The evidence seems to suggest, then, that the social world of the Heidelbergensians was not conducive to cumulative cultural evolution. It was not an environment in which cognitive capital was transmitted with the volume, reliability, and precision that regularly allowed innovations on, and expansions of, the core skill set to be retained and to be available as a basis for further innovation. This capacity to retain innovation reliably itself came on stream hesitantly, without a clear point or moment of origin. Moreover, as I shall argue, there are many features of full human language that would not have been of critical value in the social world of the Heidelbergensians, but which are naturally seen as responses to the more complex social and economic environment of the late Pleistocene. These arguments reinforce one another. The reliability with which an item of cultural capital is transmitted to the next generation is sensitive to its centrality and salience in social life. Rarely used skills are much more likely to be lost than those that are part of daily life. The transition to something approximating the expressive richness of contemporary language probably did not begin until the last 200,000 years or so.

The Social Scaffolds of Cumulative Culture

The European archaeological record once seemed to show that there had been an “Upper Palaeolithic Revolution,” a dramatic and abrupt transformation in human culture and technology at about the time our ancestors displaced the Neandertals. The traces of our past suddenly showed evidence of music and art, a much wider toolkit, and the use of new materials (ivory, bone). Anatomically modern humans arrived 250 kya; “behaviorally modern humans” only after this revolution, perhaps around 50 kya. This sudden burst of innovation was due, the thought went, to some genetic change that provided a cognitive upgrade, though opinions varied about the character of that upgrade (Klein 2008; Henshilwood and d’Errico 2011; Wynn and Coolidge 2011; Mithen 2013. As I noted in the previous section, there is now close to a consensus that there was no Upper Palaeolithic Revolution; there is no archaeological evidence for a sudden upwards shift in human cognitive power, for the historical record does not show a threshold-like pattern. Signature traits of behavioral modernity appear, then disappear, in the African record long before the presumptive cognitive innovation (typically dated to somewhere between 100 kya and 50 kya). Moreover, they often disappear after the supposed date of that innovation (McBrearty and Brooks 2000; Hiscock and O’Conner 2006; McBrearty 2007). So, while obviously, behaviorally modern culture depends on individual cognitive capacity, the difference between Middle Stone Age cultures and behaviorally modern cultures is probably not due to a change in intrinsic individual cognitive capacities.

The alternative to a genetic forcing model is that behavioral modernity is the reliable capacity for cumulative culture, and cumulative culture depends on features of social life (Sterelny 2011, 2012a, b). But which features? The size of the community—both the size of the core foraging band, and the other bands with which there is regular, friendly interaction—really matters. Both size and regular and friendly interaction with neighboring groups support redundancy. If a particular skill is difficult to acquire, it helps to have more models, and more occasions in which a naive subject can see a skill exercised. If a skill is rarely deployed (on a per capita basis), in larger groups, a naive subject will see it deployed more often. Size buffers a group against the loss of cognitive capital through unlucky accident. If there is only one woman in the band with a good knowledge of how to find, recognize, and use medicinal herbs, the group is very vulnerable.
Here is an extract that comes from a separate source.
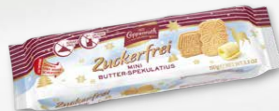
Sugar free Mini Butter-Spekulatius

In addition, size also supports specialization (Ofek 2001). A group of ten probably cannot allow a particularly good arrowhead maker to concentrate on arrowhead making; a group of fifty may well be able to do so. Specialization makes it economically possible to expand the range and quality of technology. It cannot pay a forager to invest in making or improving (say) specialist fishing gear, if that gear is used rarely. That is especially so given that foragers are mobile, and hence pay transport as well as production costs for any gear that is too expensive to make, use, and discard. On the plausible assumption that those who develop a special expertise in a practice are the ones most likely to find improvements in it, specialization will also increase the innovation rate. Since specialization reduces redundancy, these factors trade off against one another. Even so, both modeling and some ethnographic examples support the idea that smaller groups find it difficult to retain or expand cognitive capital (Henrich 2004, 2016; Powell et al. 2009; but see Henrich 2006; Read 2006).

Informational capital is, then, vulnerable to demographic attrition. But not all forms of information are equally vulnerable. Vulnerability is increased:

  1. (1)

    to the extent that information is in few heads rather than many.

  2. (2)

    if it is difficult to reverse engineer the information from physical products and traces. Transformative technologies like pottery are more vulnerable than more readily reverse engineered techniques like spear-making.

  3. (3)

    if models do not manifest a skill repeatedly, in daily interaction. There are fewer opportunities to learn about the skill, and fewer occasions in which those with a skill reinforce it through its use.

  4. (4)

    if the transmission of skills or information packages requires repeated exposure and/or intensive teaching and/or practice.

  5. (5)

    if retaining, not just acquiring, a skill requires regular practice.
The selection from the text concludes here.